White Fence, the one man project of Tim Presley (of Darker My Love fame), plays trebly psychedelic pop that sounds just as influenced by 60s bubblegum one-offs (I’m looking at you Lemon Pipers and your “Green Tambourine”) as by “serious” artists like Love and the Byrds. On his debut album for Woodsist, White Fence, Presley sounds more like a wide-eyed teenager thinking of endless metaphors for his crush’s eyes than a horny garage rocker (with a few exceptions, like “Baxter Corner” and its paranoid chorus of “Lose your number, lose your name!” and the swaggering “Destroy Everything”). Songs like “I’ll Follow You,” “Sara Snow,” and “The Gallery” (which is provided below for your consideration) sound like they’ve just been unearthed from the dusty archives of some Sunset Strip studio, remnants of a period when every band, even the “square” ones with matching suits, had to have a least one vaguely psychedelic song.

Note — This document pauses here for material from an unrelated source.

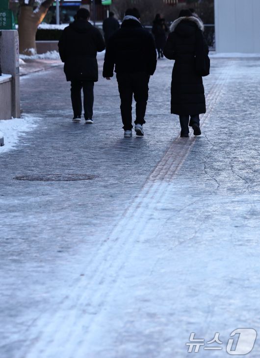 (서울=뉴스1) 구윤성 기자 = 폭설 후 한파로 도로 곳곳이 얼어붙은 5일 오전 서울 광화문역 일대에서 시민들이 출근길 발걸음을 옮기고 있다. 2025.12.5/뉴스1

White Fence loses a little steam in its second half, but the eleven track stretch from “Mr. Adams” to “Ring Around the Square” is so effortlessly charming and inviting that it should supply you with enough goodwill to make it through the sorta half-baked experimental stuff to get the totally sweet Lennon-esque closer “Be Right Too.” Listening to White Fence, you can almost fool yourself until thinking you’re really listening to some long lost 60s band; whether that seems cool or just another example of how lame indie rock has become in 2010 is up to you, but the fact remains that White Fence is full of some pretty amazing psych pop jams.

White Fence is available on vinyl here and will be available on CD from Woodsist April 17.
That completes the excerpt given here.